- What is required
Output the data below exactly as it is, dropping the pictures from your copy.

- Information provided

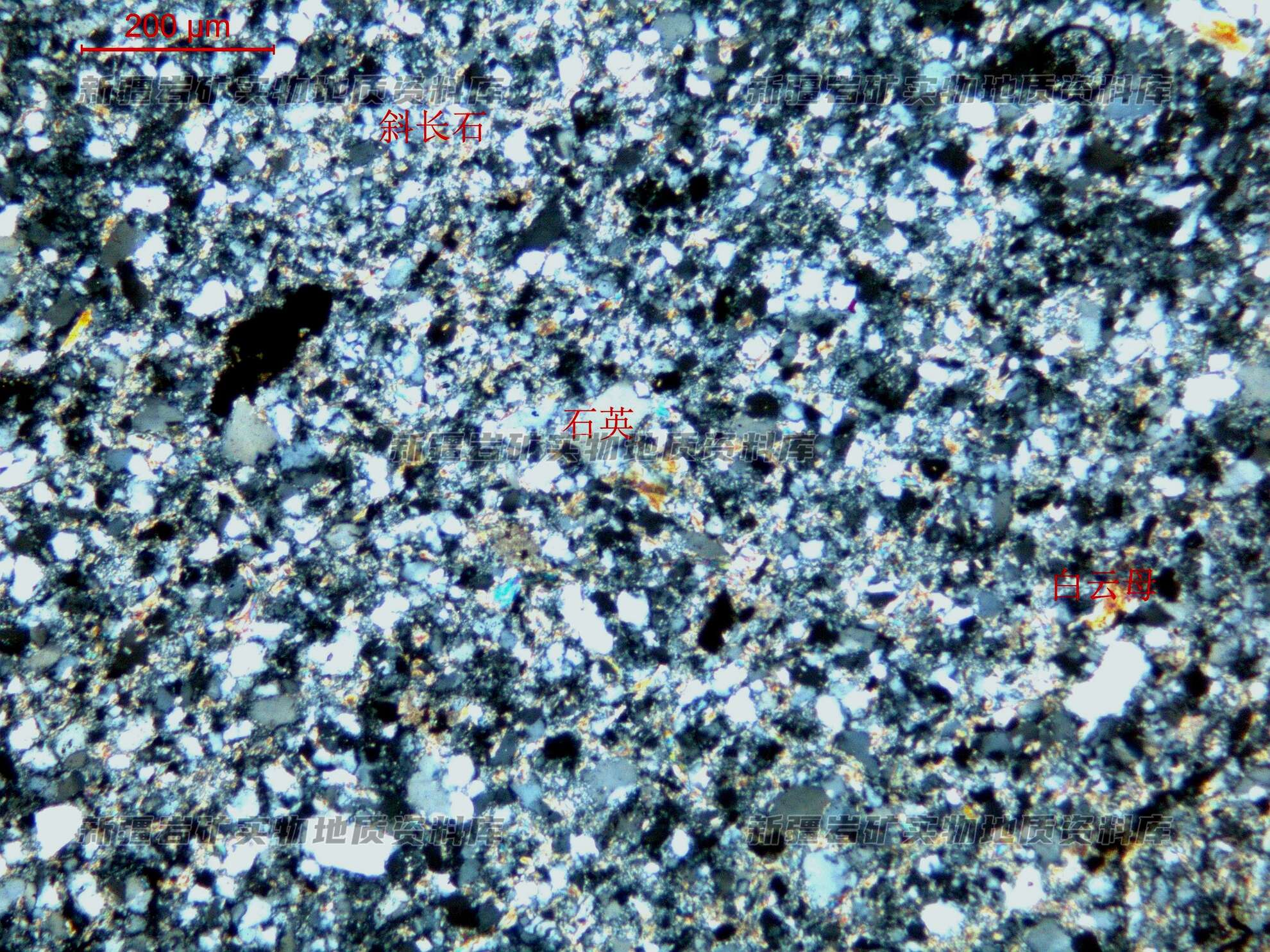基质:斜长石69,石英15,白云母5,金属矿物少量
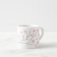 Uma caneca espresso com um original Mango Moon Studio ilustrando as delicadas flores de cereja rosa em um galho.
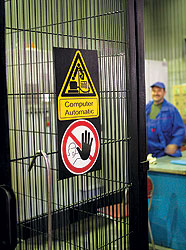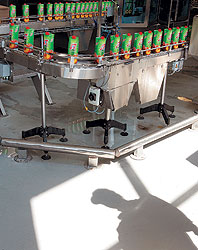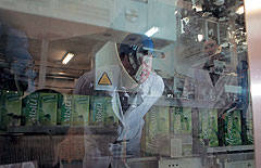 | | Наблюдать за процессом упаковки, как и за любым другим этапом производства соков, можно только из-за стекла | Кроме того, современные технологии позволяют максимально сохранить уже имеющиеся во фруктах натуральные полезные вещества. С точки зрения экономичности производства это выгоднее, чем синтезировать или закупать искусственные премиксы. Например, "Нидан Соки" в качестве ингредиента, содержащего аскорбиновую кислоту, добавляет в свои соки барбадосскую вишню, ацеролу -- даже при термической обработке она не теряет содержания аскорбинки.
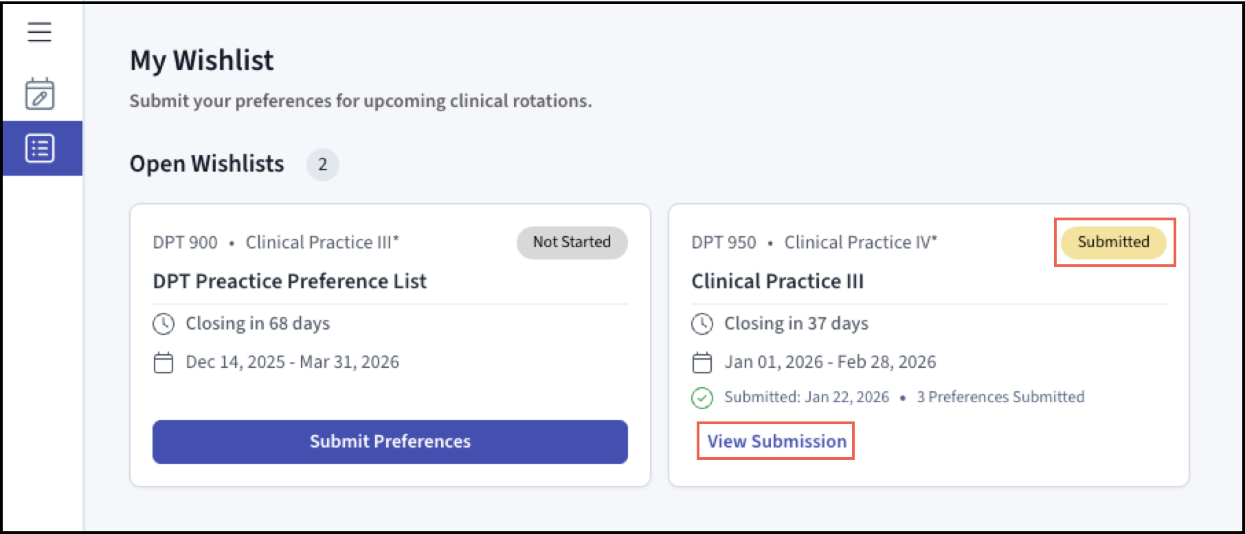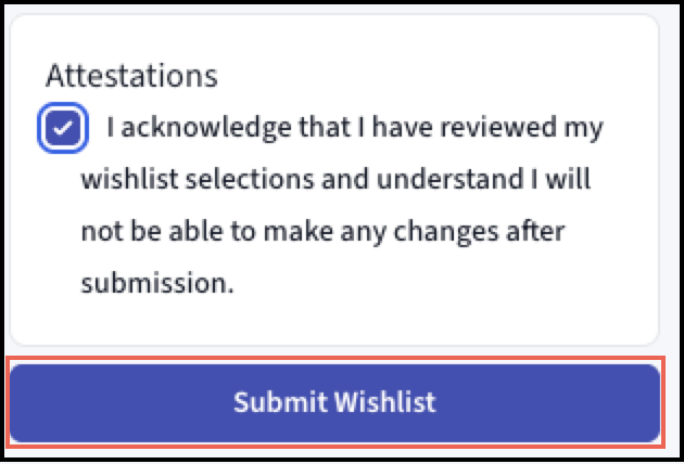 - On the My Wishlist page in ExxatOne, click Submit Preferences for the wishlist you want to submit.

- Exercise answer
基质:斜长石69,石英15,白云母5,金属矿物少量
 Uma caneca espresso com um original Mango Moon Studio ilustrando as delicadas flores de cereja rosa em um galho.
 | | Наблюдать за процессом упаковки, как и за любым другим этапом производства соков, можно только из-за стекла | Кроме того, современные технологии позволяют максимально сохранить уже имеющиеся во фруктах натуральные полезные вещества. С точки зрения экономичности производства это выгоднее, чем синтезировать или закупать искусственные премиксы. Например, "Нидан Соки" в качестве ингредиента, содержащего аскорбиновую кислоту, добавляет в свои соки барбадосскую вишню, ацеролу -- даже при термической обработке она не теряет содержания аскорбинки.
 - On the My Wishlist page in ExxatOne, click Submit Preferences for the wishlist you want to submit.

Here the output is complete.